### Exercise instructions:
When you reach the line with "(서울=포커스뉴스) 이목희(앞줄 왼쪽" in the records below, begin transcribing exactly and continue up to and including the line with "整体而言,全球眼病患者基数持", leaving out every picture.

### Extracted material:
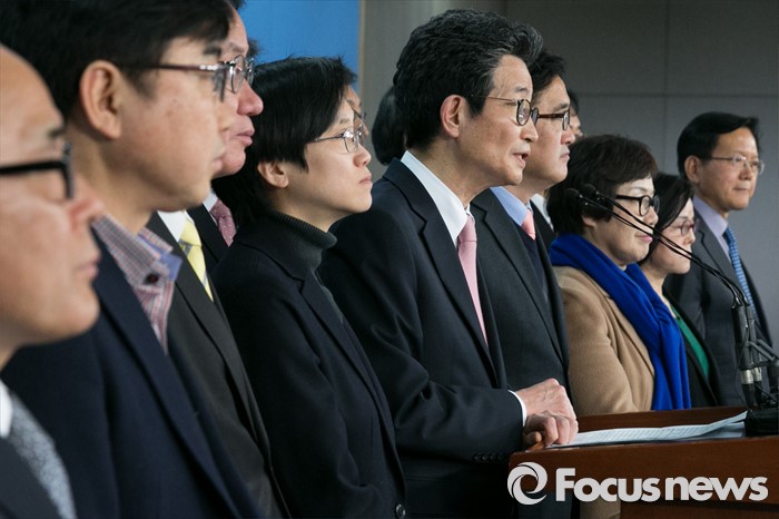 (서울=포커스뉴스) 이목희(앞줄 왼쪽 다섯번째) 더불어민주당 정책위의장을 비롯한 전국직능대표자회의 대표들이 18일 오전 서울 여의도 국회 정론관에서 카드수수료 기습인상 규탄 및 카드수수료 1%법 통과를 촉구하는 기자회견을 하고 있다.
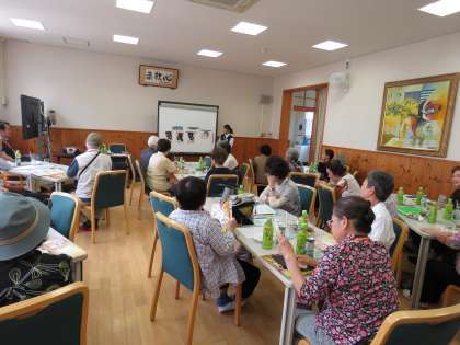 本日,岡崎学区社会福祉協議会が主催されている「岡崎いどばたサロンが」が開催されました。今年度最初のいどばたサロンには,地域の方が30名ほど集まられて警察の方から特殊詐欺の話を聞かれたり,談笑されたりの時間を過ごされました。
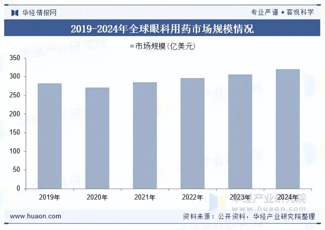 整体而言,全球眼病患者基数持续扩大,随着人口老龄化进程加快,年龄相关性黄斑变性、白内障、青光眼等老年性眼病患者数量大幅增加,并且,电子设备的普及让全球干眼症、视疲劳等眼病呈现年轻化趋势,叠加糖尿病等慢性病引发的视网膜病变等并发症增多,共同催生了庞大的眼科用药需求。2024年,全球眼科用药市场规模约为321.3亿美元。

==

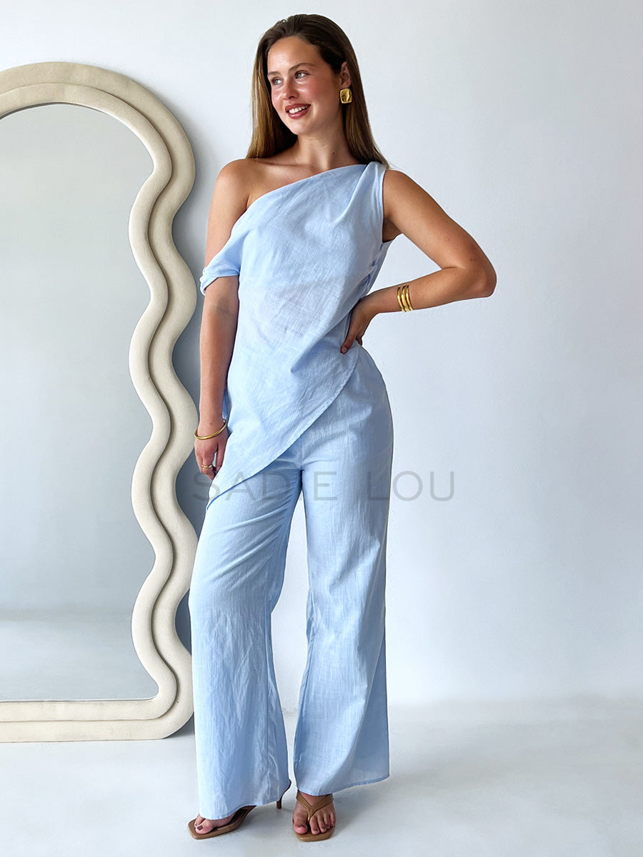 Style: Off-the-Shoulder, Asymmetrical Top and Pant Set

### Result for this task:
 (서울=포커스뉴스) 이목희(앞줄 왼쪽 다섯번째) 더불어민주당 정책위의장을 비롯한 전국직능대표자회의 대표들이 18일 오전 서울 여의도 국회 정론관에서 카드수수료 기습인상 규탄 및 카드수수료 1%법 통과를 촉구하는 기자회견을 하고 있다.
 本日,岡崎学区社会福祉協議会が主催されている「岡崎いどばたサロンが」が開催されました。今年度最初のいどばたサロンには,地域の方が30名ほど集まられて警察の方から特殊詐欺の話を聞かれたり,談笑されたりの時間を過ごされました。
 整体而言,全球眼病患者基数持续扩大,随着人口老龄化进程加快,年龄相关性黄斑变性、白内障、青光眼等老年性眼病患者数量大幅增加,并且,电子设备的普及让全球干眼症、视疲劳等眼病呈现年轻化趋势,叠加糖尿病等慢性病引发的视网膜病变等并发症增多,共同催生了庞大的眼科用药需求。2024年,全球眼科用药市场规模约为321.3亿美元。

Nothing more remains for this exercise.